**The data**
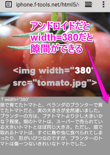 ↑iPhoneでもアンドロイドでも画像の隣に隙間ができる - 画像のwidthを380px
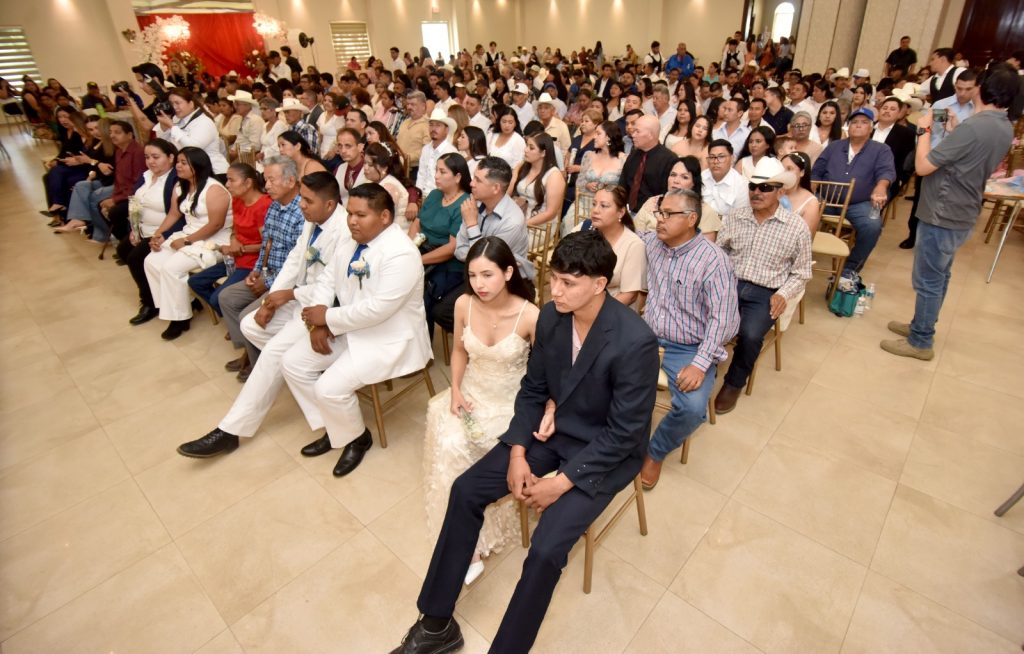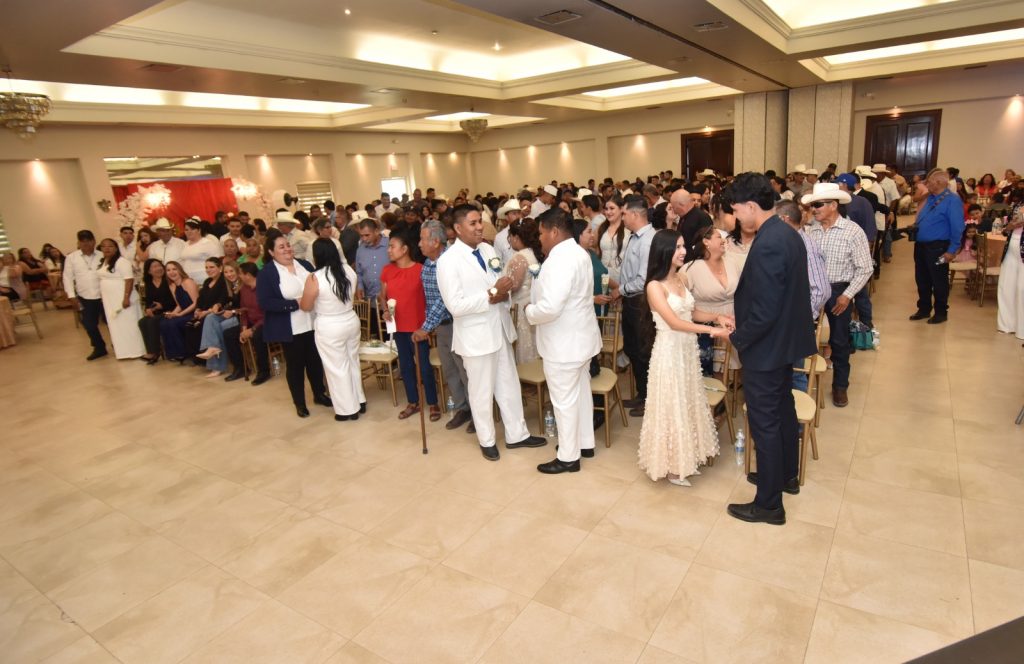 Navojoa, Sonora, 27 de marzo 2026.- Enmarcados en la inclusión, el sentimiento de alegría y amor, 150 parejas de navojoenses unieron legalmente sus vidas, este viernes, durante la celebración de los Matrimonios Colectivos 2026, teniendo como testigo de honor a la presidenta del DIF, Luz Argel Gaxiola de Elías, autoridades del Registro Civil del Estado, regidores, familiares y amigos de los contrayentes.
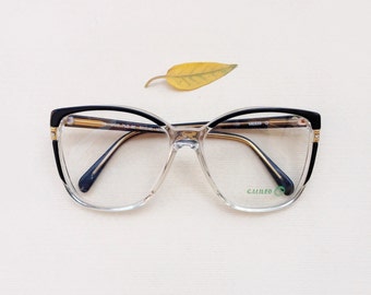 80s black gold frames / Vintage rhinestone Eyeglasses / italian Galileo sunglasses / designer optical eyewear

**The problem**
Repeat, exactly and in full, each line from the start of the data to the line that contains "Navojoa, Sonora, 27". Pictures do not go in.

**The answer**
 ↑iPhoneでもアンドロイドでも画像の隣に隙間ができる - 画像のwidthを380px
 Navojoa, Sonora, 27 de marzo 2026.- Enmarcados en la inclusión, el sentimiento de alegría y amor, 150 parejas de navojoenses unieron legalmente sus vidas, este viernes, durante la celebración de los Matrimonios Colectivos 2026, teniendo como testigo de honor a la presidenta del DIF, Luz Argel Gaxiola de Elías, autoridades del Registro Civil del Estado, regidores, familiares y amigos de los contrayentes.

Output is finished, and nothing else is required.